Precise control over the migration of T cells and B cells to and from germinal centres (GCs) is crucial for effective humoral immunity. In particular, appropriate GC recruitment, retention and provision of help by T follicular helper (TFH) cells are required to support GC B cell proliferation and differentiation. A recent study in Science shows that ephrin B1 (EFNB1) limits the retention of TFH cells in GCs and yet promotes the production of IL-21 to support GC maintenance and plasma cell formation.

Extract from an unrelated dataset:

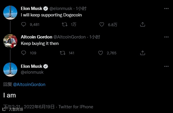 当地时间周日(6月18日),埃隆·马斯克在推特发文称,他将继续支持狗狗币。

Credit: David R. Frazier Photolibrary, Inc./Alamy

First, the authors noted that EFNB1 — which is best known for its role in guiding cell migration during development — is expressed at much higher levels on GC B cells than on naive B cells. However, wild-type mice reconstituted with B cells lacking EFNB1 did not show any impairment in GC formation or TFH cell development in the draining lymph nodes 5 days after antigenic stimulation. However, at 7 days after stimulation, there were marked differences in the follicular and GC distribution of TFH cells in the absence of B cell-expressed EFNB1 — in particular, more TFH cells were found in GCs containing EFNB1-deficient B cells. Close tracking of TFH cells in the two groups of mice using intravital microscopy revealed that TFH cells entered the EFNB1-deficient GCs with a slightly increased frequency and left with a markedly reduced frequency, leading to an accumulation of TFH cells in the absence of EFNB1.

Next, the authors tested whether EFNB1 might limit the retention of TFH cells in GCs by disrupting antigen-specific T cell–B cell adhesion. Indeed, pre-activated T cells were less efficient in adhering to antigen-presenting B cells that expressed a high level of EFNB1 than to control B cells. Conversely, in a competitive GC reaction, EFNB1-deficient B cells more efficiently interacted with TFH cells. To better understand the mechanism of EFNB1-mediated repulsion of GC TFH cells, the authors used short hairpin RNA (shRNA) to knock down the expression of the T cell-expressed EFNB1 receptors EPHB4 and EPHB6. EPHB6 knockdown, but not EPHB4 knockdown, led to an accumulation of TFH cells in the GCs, which suggests that EPHB6 mediates EFNB1-dependent repulsion of TFH cells.

more TFH cells were found in GCs containing EFNB1-deficient B cells

Contrary to expectation, the prolonged GC residence of TFH cells occurring in the absence of the EFNB1–EPHB6 axis did not result in improved GC responses. Instead, the abundance of plasma cells in the spleen and bone marrow was reduced, which was accompanied by a decrease in serum antibody affinity for antigen. These defects were shown to be due to reduced levels of the TFH cell-derived cytokine IL-21, which drives plasma cell development; TFH cells from EFNB1-deficient GCs produced less IL-21 than those from control GCs. Knockdown of EFNB1 receptor expression indicated that EPHB4 is the receptor that transmits EFNB1 signals to stimulate IL-21 production by TFH cells in the GC.

The combination of negative regulation of GC residence and positive regulation of effector functions of TFH cells by EFNB1 seems counterintuitive, but the authors suggest that it may be a mechanism to ensure that the potentially dangerous GC reaction is productive but self-limiting.